Ki-67 immunohistochemical analysis of the EVPOME received metabolic challenges compared with the standard protocol. Representative images of Ki-67 immunohistochemistry of the EVPOMEs. Ki-67-positive cells are mainly present in the basal layer. The number of Ki-67 positive cells was remarkably fewer when cells received metabolic challenges before development of the EVPOMEs. (A) Standard protocol, (B) metabolic challenge of 5×PBS, (C) metabolic challenge of 20×PBS, (D) metabolic challenge of 4dNoF, (E) metabolic challenge of 7dNoF. Original magnification × 40. Scale bar = 100 μm.

Figure 8
figure 8

Proliferative index (PI) of EVPOMEs. (A) The PI of EVPOMEs between cells cultured under standard protocol and those that received the lower nutrition challenge. (B) The PI of EVPOMEs between cells cultured under standard protocol and those that received the no-feeding challenge. Data are presented as the mean ± standard deviation (SD). The statistical analysis was performed between the PI of the standard protocol and the PI of either the metabolic challenge protocol of 5×PBS or that of 4dNoF using a paired t-test. Because a continuous epithelial layer failed to be formed among some EVPOME specimens in which cells received severe metabolic challenges, such as 20×PBS and 7dNoF, the significant difference was obvious. * indicates statistical significance (p < 0.05).

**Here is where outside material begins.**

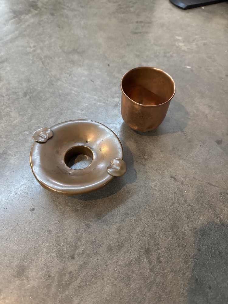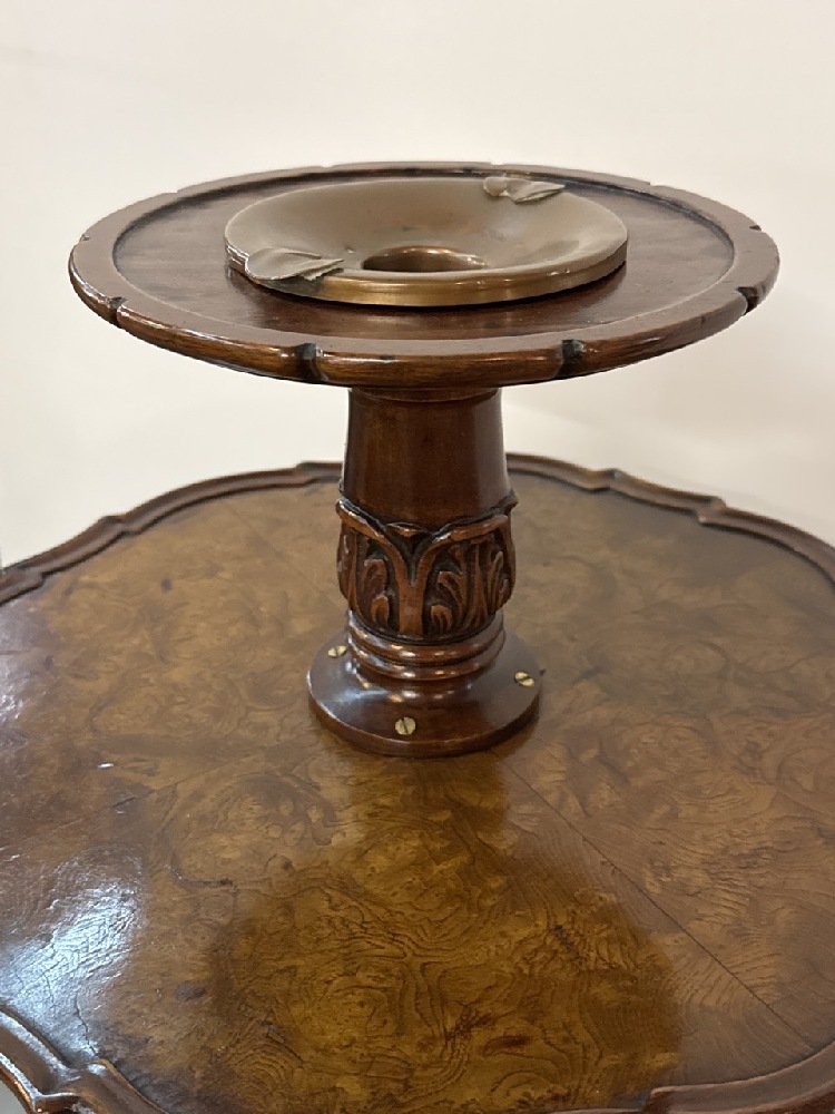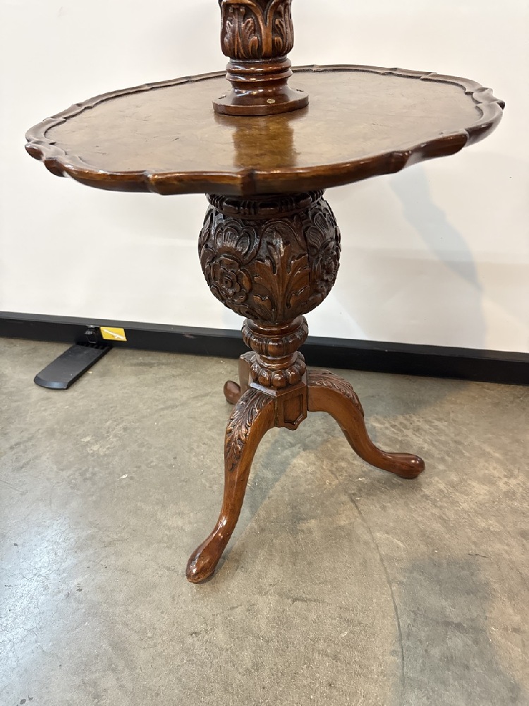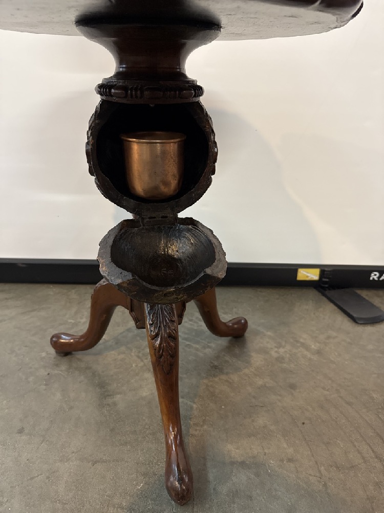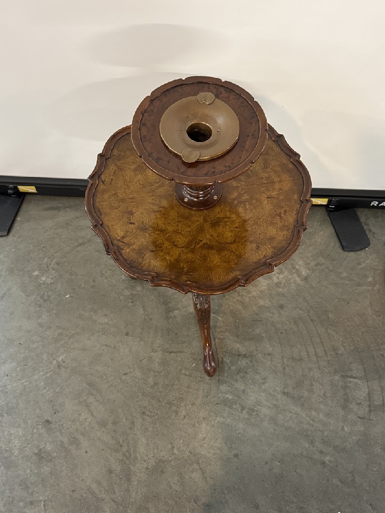 Vtg. Ash Tray 2 Tier Table - Pie Crust Style - Carved Wood , Copper Insert ~ 27” Tall

A cell/tissue-engineered product developed ex vivo for use in wound repair, such as EVPOME grafts and various medical therapies, require testing, monitoring and inspection to evaluate its quality from start to completion of the cell culture process, which finally goes through a release testing prior to transplantation into/onto the human body. Current popular technologies usually destroy part of the manufactured cells/tissues for monitoring and testing, although the cells/tissues assessed should be put into the body later on. Thus, non-invasive tools to assess the in vitro viability, metabolic activity and structures in real time are necessary to develop in regenerative medicine. Recent advances in optics and imaging analysis, such as time-lapse microscopic images combined with computational machine learning4,37,38 and the use of a specific sensor39, have provided many opportunities to address these issues for the QC of cells to be engineered. Previously, we applied two image analysis algorithms of OF and NCC to p0 oral keratinocytes during the early stage of 2D cell culture and confirmed that the two motion indices calculated by both algorithms were applicable and feasible for non-invasive monitoring of cells and can be used as an appropriate tool for QC29. This study aimed to improve our previous methodology and to expand its application for p1 cells and, hereafter, in a later stage culture as a non-invasive tool for QC. We found that our technique enabled us to evaluate the quality of p1 and subsequent passaged cells non-invasively in a total 2D cell culture period prior to manufacturing the 3D tissue-engineered construct, which allows for thorough monitoring.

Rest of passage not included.